Apart from the pictures, print the data below exactly as given.

SOURCE MATERIAL below:

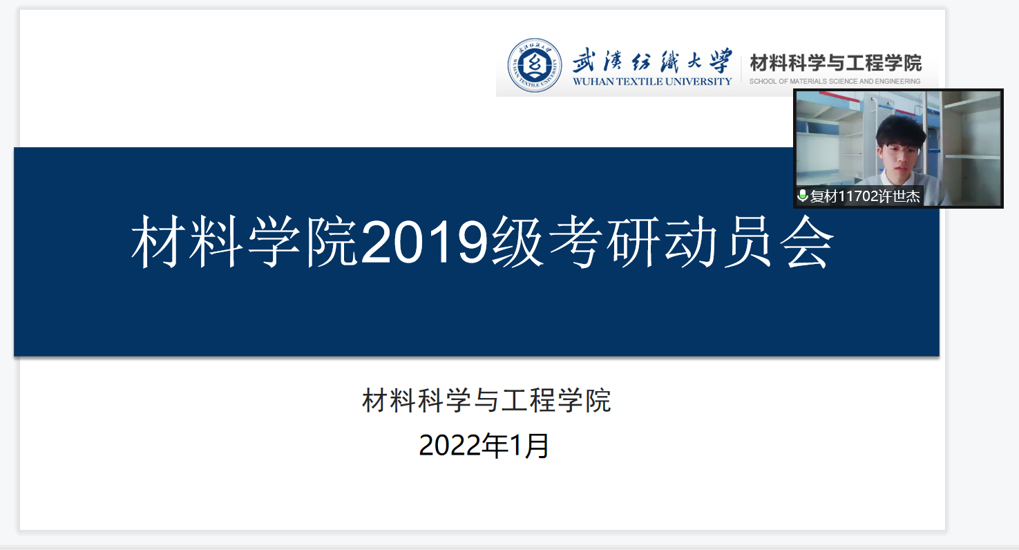 为进一步提高材料学院2019级学生考研报考率、过线率,1月11日下午,在腾讯会议举办了材料学院考研经验分享会。邀请了2021届毕业生许世杰(现天津大学研究生)、2018级姜鑫(2022考研报考武汉理工大学)、王萱(2022年考研报考中国地质大学(武汉))同学来分享考研经验,材料学院副书记侯畅、19级辅导员王鑫以及19级全体学生参加会议。
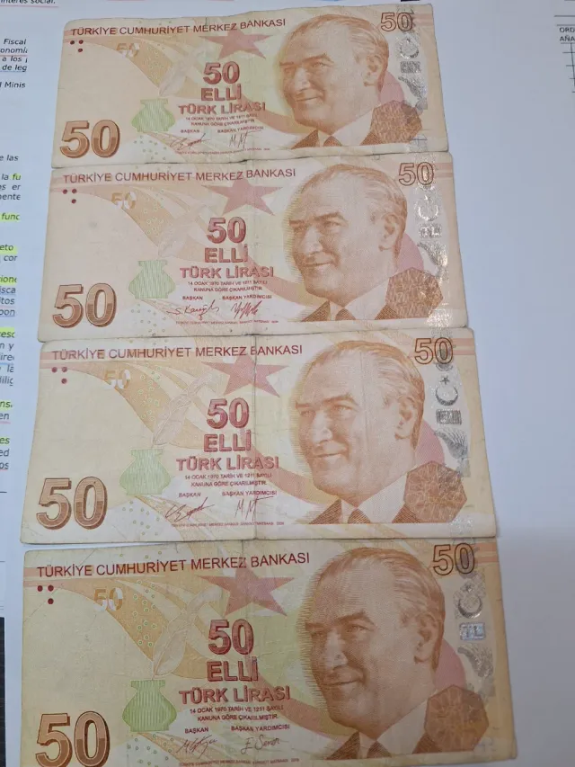 Lote de 4 billetes de 50 liras turcas de Turquía. Cada billete muestra el retrato de Mustafa Kemal Atatürk. - Serie de billetes de Turquía. Total de 200 liras turcas.
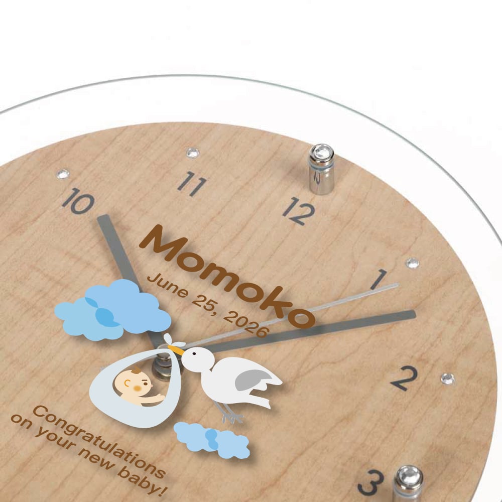 コウノトリが赤ちゃんを運んできました!出産祝いにぴったりの御祝い時計です。

End of SOURCE MATERIAL.

COMPLETED TASK —
 为进一步提高材料学院2019级学生考研报考率、过线率,1月11日下午,在腾讯会议举办了材料学院考研经验分享会。邀请了2021届毕业生许世杰(现天津大学研究生)、2018级姜鑫(2022考研报考武汉理工大学)、王萱(2022年考研报考中国地质大学(武汉))同学来分享考研经验,材料学院副书记侯畅、19级辅导员王鑫以及19级全体学生参加会议。
 Lote de 4 billetes de 50 liras turcas de Turquía. Cada billete muestra el retrato de Mustafa Kemal Atatürk. - Serie de billetes de Turquía. Total de 200 liras turcas.
 コウノトリが赤ちゃんを運んできました!出産祝いにぴったりの御祝い時計です。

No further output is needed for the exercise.